:: Available data ::

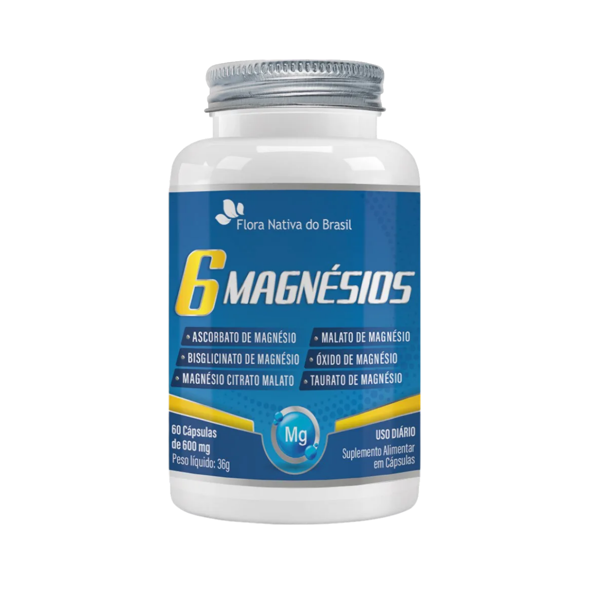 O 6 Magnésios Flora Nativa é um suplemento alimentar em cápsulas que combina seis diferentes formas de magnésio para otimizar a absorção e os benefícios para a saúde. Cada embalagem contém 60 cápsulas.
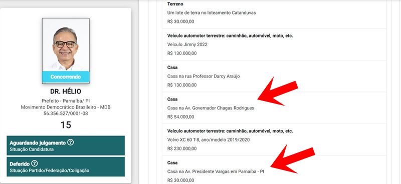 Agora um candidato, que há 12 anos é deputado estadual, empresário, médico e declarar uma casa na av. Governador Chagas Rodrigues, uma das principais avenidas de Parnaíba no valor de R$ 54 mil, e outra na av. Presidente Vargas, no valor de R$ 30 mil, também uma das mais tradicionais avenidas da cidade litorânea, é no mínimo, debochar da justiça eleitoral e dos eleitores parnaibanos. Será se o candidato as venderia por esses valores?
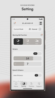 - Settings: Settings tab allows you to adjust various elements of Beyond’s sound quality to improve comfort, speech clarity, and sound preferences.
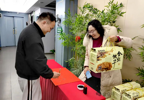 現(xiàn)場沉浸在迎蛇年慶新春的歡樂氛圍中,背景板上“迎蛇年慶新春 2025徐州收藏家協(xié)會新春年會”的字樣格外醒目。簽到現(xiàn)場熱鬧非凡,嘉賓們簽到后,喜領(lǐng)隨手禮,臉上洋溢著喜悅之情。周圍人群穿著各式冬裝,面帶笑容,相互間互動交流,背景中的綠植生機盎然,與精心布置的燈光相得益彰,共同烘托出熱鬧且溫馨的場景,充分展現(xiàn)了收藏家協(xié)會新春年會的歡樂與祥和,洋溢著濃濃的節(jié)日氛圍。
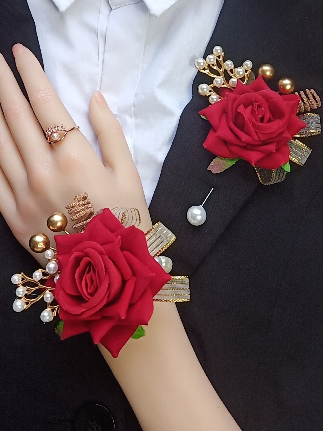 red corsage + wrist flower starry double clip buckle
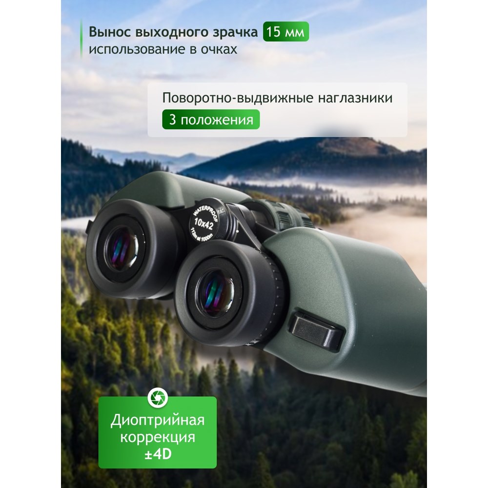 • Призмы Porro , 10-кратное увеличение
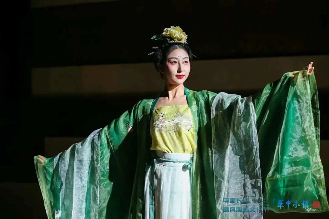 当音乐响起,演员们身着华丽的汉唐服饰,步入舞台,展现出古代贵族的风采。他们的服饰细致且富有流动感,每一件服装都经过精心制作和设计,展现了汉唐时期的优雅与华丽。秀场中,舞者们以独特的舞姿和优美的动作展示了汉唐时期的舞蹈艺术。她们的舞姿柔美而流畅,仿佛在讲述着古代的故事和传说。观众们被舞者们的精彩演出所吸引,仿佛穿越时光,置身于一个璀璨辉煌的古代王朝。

:::
:: Available data ::

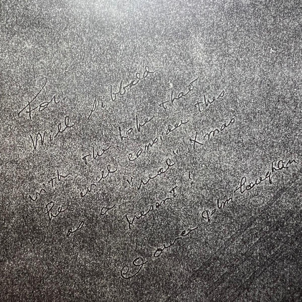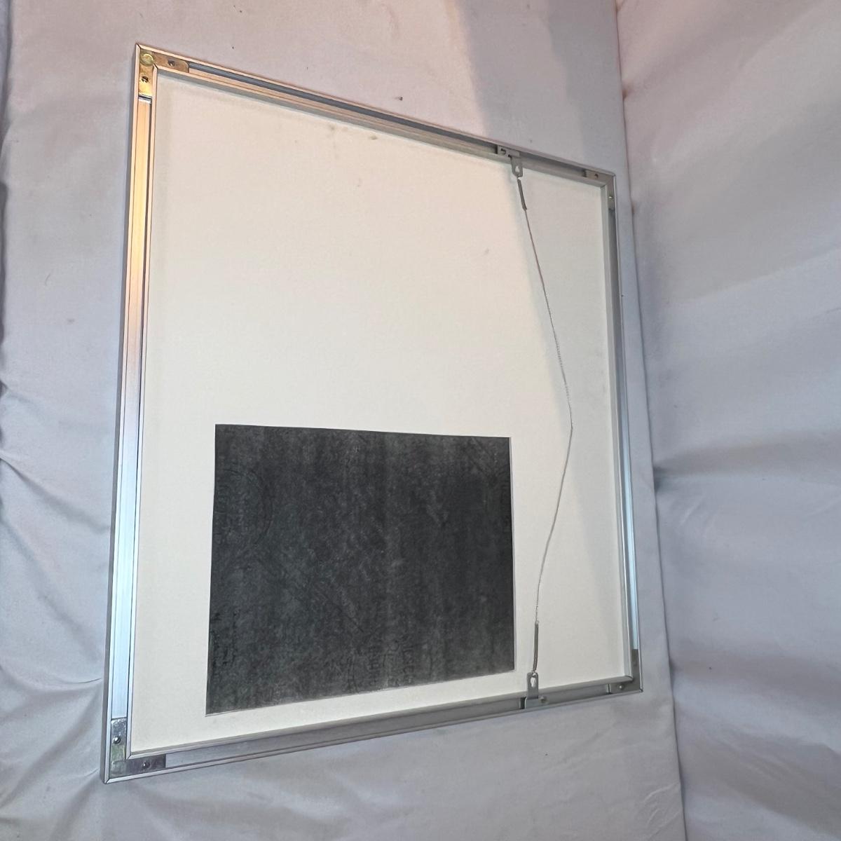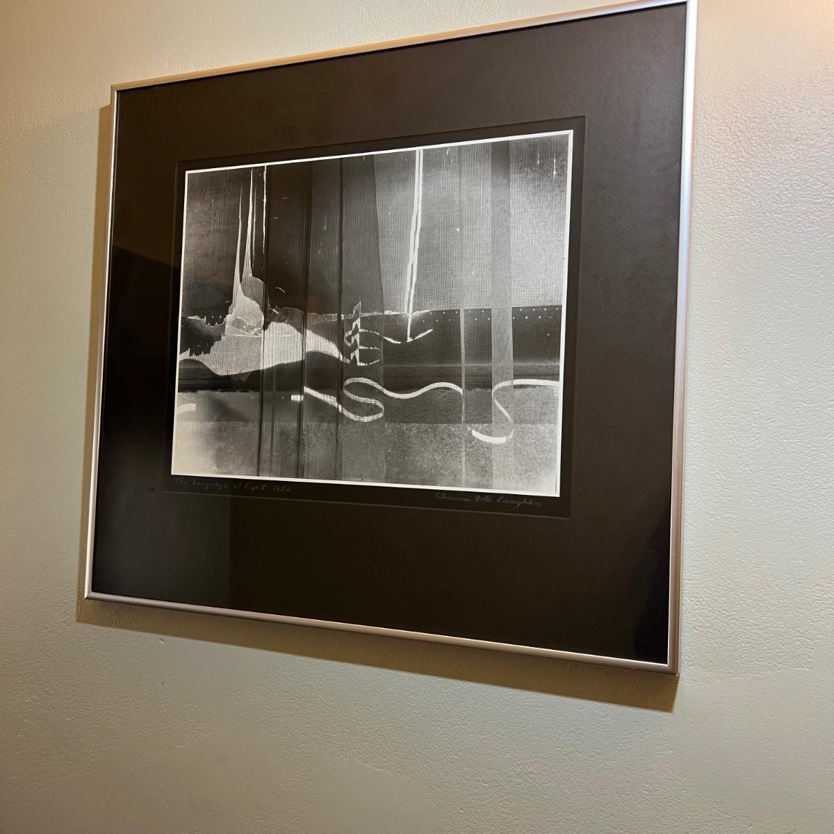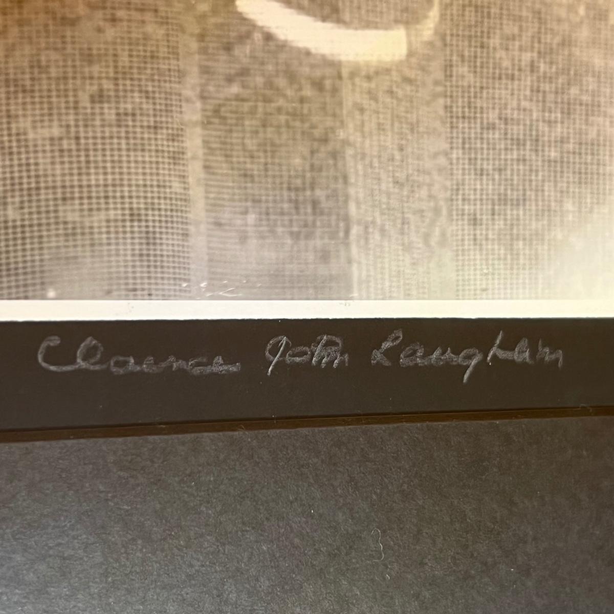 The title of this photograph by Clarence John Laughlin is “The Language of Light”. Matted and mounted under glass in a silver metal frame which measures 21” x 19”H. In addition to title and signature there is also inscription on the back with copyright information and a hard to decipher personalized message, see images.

:::

== Exercise objective ==
Look above for the line with "- Settings: Settings" and the line with "当音乐响起,演员们身着华丽的". Give again exactly those two lines and all lines between them, pictures excluded.

== Task answer ==
 - Settings: Settings tab allows you to adjust various elements of Beyond’s sound quality to improve comfort, speech clarity, and sound preferences.
 現(xiàn)場沉浸在迎蛇年慶新春的歡樂氛圍中,背景板上“迎蛇年慶新春 2025徐州收藏家協(xié)會新春年會”的字樣格外醒目。簽到現(xiàn)場熱鬧非凡,嘉賓們簽到后,喜領(lǐng)隨手禮,臉上洋溢著喜悅之情。周圍人群穿著各式冬裝,面帶笑容,相互間互動交流,背景中的綠植生機盎然,與精心布置的燈光相得益彰,共同烘托出熱鬧且溫馨的場景,充分展現(xiàn)了收藏家協(xié)會新春年會的歡樂與祥和,洋溢著濃濃的節(jié)日氛圍。
 red corsage + wrist flower starry double clip buckle
 • Призмы Porro , 10-кратное увеличение
 当音乐响起,演员们身着华丽的汉唐服饰,步入舞台,展现出古代贵族的风采。他们的服饰细致且富有流动感,每一件服装都经过精心制作和设计,展现了汉唐时期的优雅与华丽。秀场中,舞者们以独特的舞姿和优美的动作展示了汉唐时期的舞蹈艺术。她们的舞姿柔美而流畅,仿佛在讲述着古代的故事和传说。观众们被舞者们的精彩演出所吸引,仿佛穿越时光,置身于一个璀璨辉煌的古代王朝。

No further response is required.